Muhafazakâr parti başlangıcında birçok kesimi kucaklamışken gide gide seçmenini kemikleştirme adına jakoben bir anlayışı benimsemiştir. Muhataplarını aşağılamış, küçümsemiş, aşırı bir kibir ile tepeden bakmış, muhalefet liderlerini dalgaya almış. Hayat sürprizlerle doludur, neyin ne zaman olacağı bilinmez. İnsan kendi sözlerinin altında kalabilir ve beklenmedik bir durum ile karşılaşabilir. Hayatta temkin her zaman önemlidir.

15 Temmuz sonrası, darbelerin karanlık sokakları başlıklı bir yazı yazmıştım. Darbenin kendisinden sonrası, süreci ve sonuçları önemliydi. O sonuçlara şimdi gelinmiş bulunuyor.

Ilımlı, sevgi ve merhameti gerektiren İslâmî sevgi ve merhamet yaklaşımlı büyük kesim birden ırkçı ve jakoben bir ruha bürünüverdi, ulusalcı oldu. İktidardaki muhafazakâr parti de bunu benimsedi. Bu tutum ise kendisinden çok ırkçı partiye yaradı. Ölü bir parti diriltildi.

Kaldı ki bu parti derin devletin bir kanadı. Hem de en güçlü kanadı. Cumhuriyetin milliyetçilik ideolojisinin en önemli temsilcisi. 1960 darbesinin içinde aktiftir. 1980 darbesinde zarar görmeden bir kenarda durmuştur. 28 Şubat darbesinin aktiflerinden biridir. 15 Temmuz darbe girişimin sonuçlarını lehine en iyi devşiren bir siyasal harekettir. Lideri kim olursa olsun değişmiyor. Önemli bir güç olarak devrededir. Devletin veya ülkenin sahipleri sadece sanki onlardır. Daha da dikkate alınması gereken şey, mafyanın doğrudan söylem ve yaklaşımlarıyla etkili olmalarıdır. Onlar kendilerini devlet güçlerinin üzerinde görüyorlar. En kritik zamanlarda ortaya çıkarlar. Hamaset ve duygu kabarmalarını sağlarlar. Anımsayalım, Musul ve Kerkük gibi başka bir ülkenin sınırlarında bulunan illerin plaka numaralarını bile söylemişlerdi. Oysaki emperyalizmin kendilerine bir adım daha atma fırsatını vermeyeceklerini bile bile. Ne yazık ki bu dalgaya o zaman da kapılınmıştı.

 

 

Hemen bütün gerilimli ve çatışmacı anlayışı temsil ederler.

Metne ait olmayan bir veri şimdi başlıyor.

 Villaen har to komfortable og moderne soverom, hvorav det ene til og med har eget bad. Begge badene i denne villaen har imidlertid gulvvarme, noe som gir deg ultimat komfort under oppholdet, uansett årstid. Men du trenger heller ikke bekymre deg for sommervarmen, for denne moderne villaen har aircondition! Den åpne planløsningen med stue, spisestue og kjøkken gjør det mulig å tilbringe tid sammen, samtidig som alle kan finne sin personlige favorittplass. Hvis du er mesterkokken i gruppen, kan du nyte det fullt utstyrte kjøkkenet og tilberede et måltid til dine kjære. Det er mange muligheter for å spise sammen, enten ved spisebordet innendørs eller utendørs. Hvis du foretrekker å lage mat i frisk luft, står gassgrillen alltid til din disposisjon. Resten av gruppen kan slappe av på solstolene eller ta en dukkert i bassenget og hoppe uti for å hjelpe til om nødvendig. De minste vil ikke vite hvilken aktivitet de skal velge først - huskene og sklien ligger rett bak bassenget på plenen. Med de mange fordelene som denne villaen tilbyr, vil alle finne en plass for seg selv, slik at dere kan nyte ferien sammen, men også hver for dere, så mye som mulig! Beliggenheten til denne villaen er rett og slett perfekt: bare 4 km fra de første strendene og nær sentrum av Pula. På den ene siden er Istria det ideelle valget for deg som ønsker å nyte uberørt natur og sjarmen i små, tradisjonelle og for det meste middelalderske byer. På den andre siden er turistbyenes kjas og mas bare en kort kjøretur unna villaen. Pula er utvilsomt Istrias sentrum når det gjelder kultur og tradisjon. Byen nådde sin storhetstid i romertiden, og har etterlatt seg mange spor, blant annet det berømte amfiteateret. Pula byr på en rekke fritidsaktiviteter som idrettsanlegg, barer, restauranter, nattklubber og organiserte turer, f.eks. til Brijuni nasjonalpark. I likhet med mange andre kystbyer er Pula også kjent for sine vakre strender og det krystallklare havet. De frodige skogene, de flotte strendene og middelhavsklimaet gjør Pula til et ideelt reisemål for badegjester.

Bu seçimin aşırı ırkçı ve ulusalcı bir düzleme çekilmesinde başarılı olmuştur.

Birlikte ortaklık kuran siyasiler geçmişte birbirlerine en olmadık ve en ağır sözlerle eleştirmişlerdi. Gün gelip devran dönünce birçok şeyi yutkunmak gibi tuhaf bir durum ile karşılaşılabilir. Öyle de olmuştur.

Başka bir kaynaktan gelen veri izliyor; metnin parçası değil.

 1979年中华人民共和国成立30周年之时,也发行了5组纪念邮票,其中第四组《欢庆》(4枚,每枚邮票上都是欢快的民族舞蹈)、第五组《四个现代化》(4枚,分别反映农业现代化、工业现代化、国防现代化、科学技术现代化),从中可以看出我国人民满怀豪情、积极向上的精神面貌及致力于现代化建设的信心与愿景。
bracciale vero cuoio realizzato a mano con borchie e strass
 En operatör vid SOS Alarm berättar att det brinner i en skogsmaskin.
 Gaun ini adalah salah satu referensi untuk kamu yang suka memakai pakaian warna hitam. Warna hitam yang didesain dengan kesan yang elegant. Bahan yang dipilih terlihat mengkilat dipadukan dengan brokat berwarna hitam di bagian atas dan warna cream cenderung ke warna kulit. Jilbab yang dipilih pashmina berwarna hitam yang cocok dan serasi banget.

Deyimlerimiz hayatın birer özeti. ?Ne oldum değil ne olacağım? ya da ?Düşmez kalkmaz bir Allah? diye bakmak gerekiyor. Çünkü insanoğlunun iniş ve çıkışları vardır. Sonuçta ölümlü bir dünyada bulunuyoruz. Geçmiş zamanın o kadar güçlüleri vardı ki bugün kimi ötede, kiminin esamisi bile anılmıyor.

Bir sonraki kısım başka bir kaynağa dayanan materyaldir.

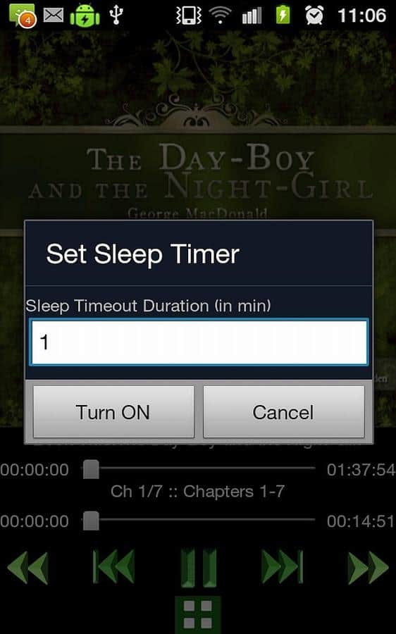 - Uyku zamanlayıcısı, kullanıcının bu menüden bir zamanlayıcı ayarlamasına olanak tanır, böylece oynatmayı otomatik olarak durdurur
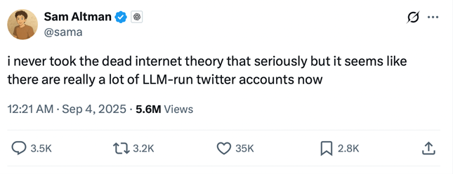 Risale a poco tempo fa il tweet di Sam Altman, CEO di OpenAI su X che ha riportato in voga la teoria della Dead of Internet (DIT) e ha acceso dibattiti e preoccupazioni attorno al tema del profondo impatto dell’AI sul web. La vicenda si inserisce in un contesto già di per sé acceso e in un clima di diffuso allarmismo attorno a questo hot topic.
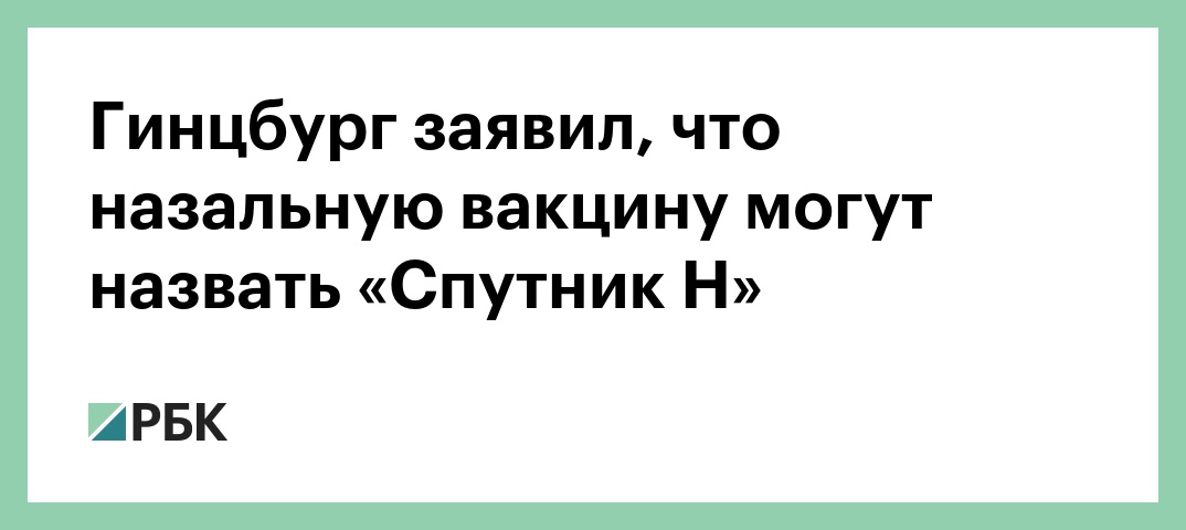 Назальная вакцина от COVID-19 может получить название «Спутник Н», где «Н» — назальный, заявил «РИА Новости» директор Национального исследовательского центра эпидемиологии и микробиологии имени Н.Ф. Гамалеи Александр Гинцбург.

Bu seçimden çıkarılacak çok sonuçlar bulunuyor. Bugünlük sadece şu ırkçı ve jakoben anlayışa yoğunlaştık.

Bütün bunlar 1994 seçimlerinden itibaren milletin asıl ruhunu ve maneviliğini temsil eden anlayışın sonuna gelinmiş veya getirilmiştir. Başkalarını suçlamak yerine öncelikle aynanın karşısına geçip kendi yüz ifadelerine ya da geçmiş söylemlerinden bugüne bakılmasında yarar var. Başkalarını suçlayıp karalamak kime ne yarar sağlar, kendi kendisini göremedikten sonra.

2-

Cehepe açısından bu seçimi değerlendirirsek sonuçları hiç de şaşırtıcı değil. Ruh kökeni bakımından ulusalcı ve milliyetçi olan bu parti uzun bir süredir, kendi içindeki radikal ulusalcılara rağmen yeni bir dil ve üslup tutturdu. Geçen genel ve başkanlık seçimlerinden beri sol ideolojiyi ret ettiler. Genel başkanları sol düşüncenin Fransız ihtilaline ait olduğu, kendilerini ilgilendirmediğini özellikle vurguladı. Bunlar çok da gündeme gelmemiş olmasına karşın gene de yeni bir yol ve üsluptu. Söz konusu partinin ideolojik kimi keskin tutumlarını yumuşatma ve hatta uzaklaşma yoluna gitti.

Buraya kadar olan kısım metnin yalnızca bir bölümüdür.